Leave the images aside and copy out the whole listing, exact to the word.
SOURCE MATERIAL below:
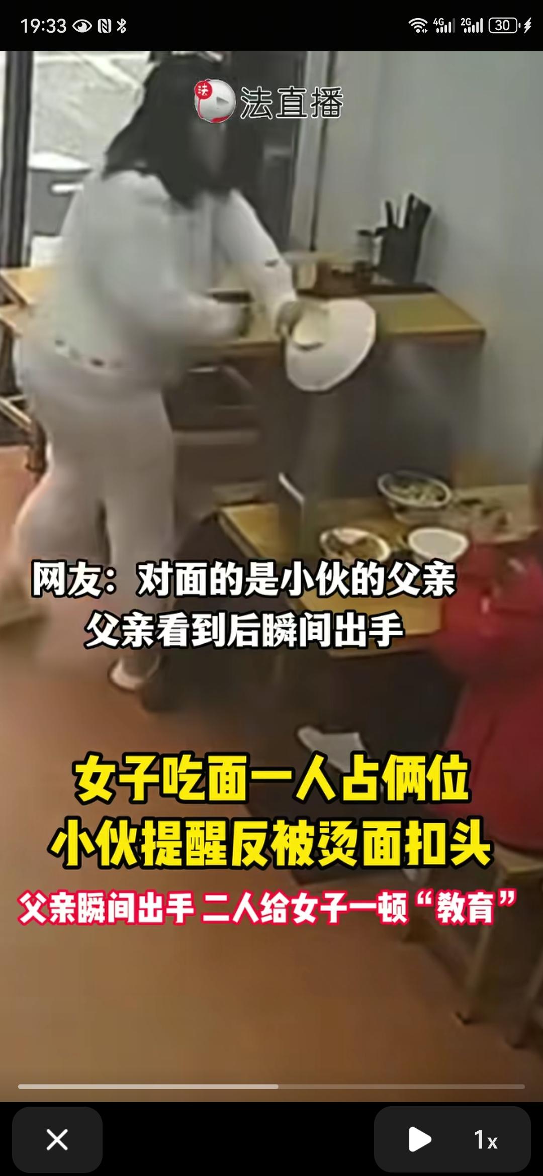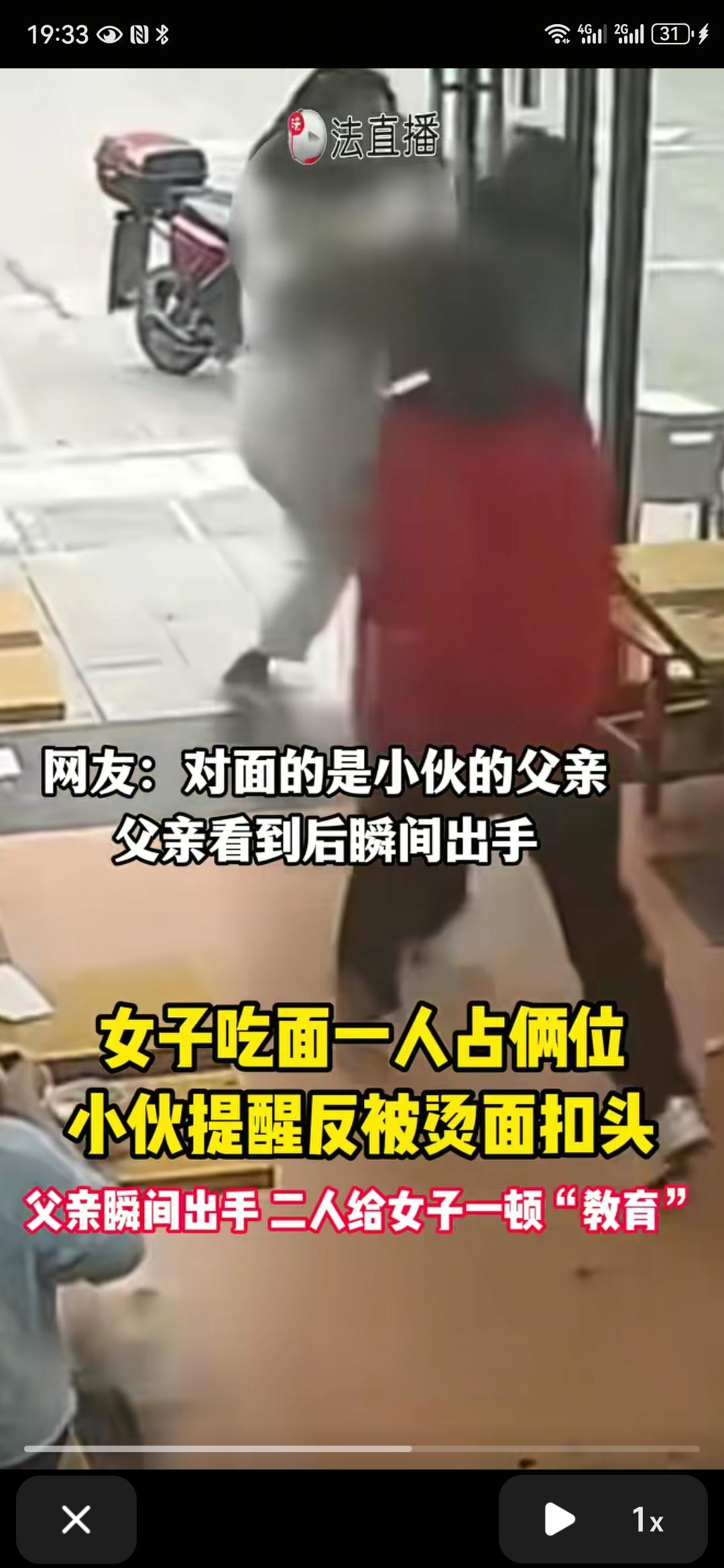 胖仙女好威武啊,一言不合就把滚烫的面汤扣在小伙头上,扣完就跑。幸亏小伙的爸爸在,要不然就被胖仙女吓住了。父子俩追上胖仙女拉扯,注意,是拉扯,不是暴打,说明父子俩是善良的人。要是使用暴力,两个男的打一个女的,那不跟大砍刀切小鸡仔一样利索啊,胖仙女哪还有走路的力气。小伙最后报警,希望小仙女受到法律的制裁。 建议法治频道对此跟踪报道,对“仙女”行为予以震慑和警示。
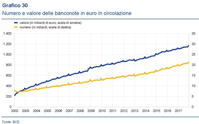 L’inestinguibile passione per il denaro cash, che abbiamo già osservato a livello globale, non poteva certo risparmiare l’euro che ormai è una valuta molto richiesta anche fuori dall’eurozona. Nel suo ultimo rapporto annuale la Bce fa un po’ di conti e osserva l’andamento crescente del numero e del valore delle banconote in euro in circolazione, che, come si può osservare non conosce crisi.
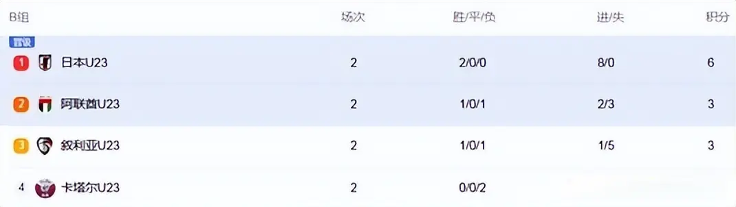 前两轮事后,B组积分榜:日本队两战全胜6分领跑欧洲杯足球体育信息,阿联酋、叙利亚同积3分,卡塔尔两战全败0分垫底。末轮,卡塔尔对阵日本队,阿联酋迎战叙利亚,阿联酋和叙利亚必有一支球队会拿分,因此卡塔尔队即便驯服日本队也无法踏进前二,这意味着他们一经提前一轮小组出局!
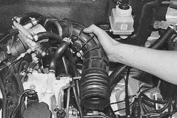 - Откручиваем хомуты шлангов обогрева дросселя и поднимаем их вверх, чтобы ОЖ не вытекала.
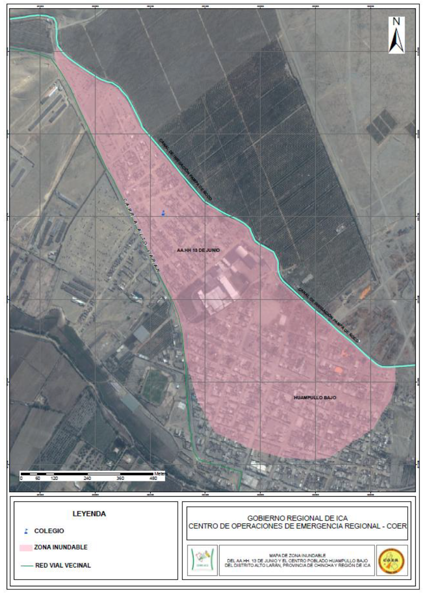 Mapa de zona inundable del AA.HH. 13 de Junio y el centro poblado Huampullo Bajo del distrito Alto Laran
End of SOURCE MATERIAL.
__ANSWER SECTION__
 胖仙女好威武啊,一言不合就把滚烫的面汤扣在小伙头上,扣完就跑。幸亏小伙的爸爸在,要不然就被胖仙女吓住了。父子俩追上胖仙女拉扯,注意,是拉扯,不是暴打,说明父子俩是善良的人。要是使用暴力,两个男的打一个女的,那不跟大砍刀切小鸡仔一样利索啊,胖仙女哪还有走路的力气。小伙最后报警,希望小仙女受到法律的制裁。 建议法治频道对此跟踪报道,对“仙女”行为予以震慑和警示。
 L’inestinguibile passione per il denaro cash, che abbiamo già osservato a livello globale, non poteva certo risparmiare l’euro che ormai è una valuta molto richiesta anche fuori dall’eurozona. Nel suo ultimo rapporto annuale la Bce fa un po’ di conti e osserva l’andamento crescente del numero e del valore delle banconote in euro in circolazione, che, come si può osservare non conosce crisi.
 前两轮事后,B组积分榜:日本队两战全胜6分领跑欧洲杯足球体育信息,阿联酋、叙利亚同积3分,卡塔尔两战全败0分垫底。末轮,卡塔尔对阵日本队,阿联酋迎战叙利亚,阿联酋和叙利亚必有一支球队会拿分,因此卡塔尔队即便驯服日本队也无法踏进前二,这意味着他们一经提前一轮小组出局!
 - Откручиваем хомуты шлангов обогрева дросселя и поднимаем их вверх, чтобы ОЖ не вытекала.
 Mapa de zona inundable del AA.HH. 13 de Junio y el centro poblado Huampullo Bajo del distrito Alto Laran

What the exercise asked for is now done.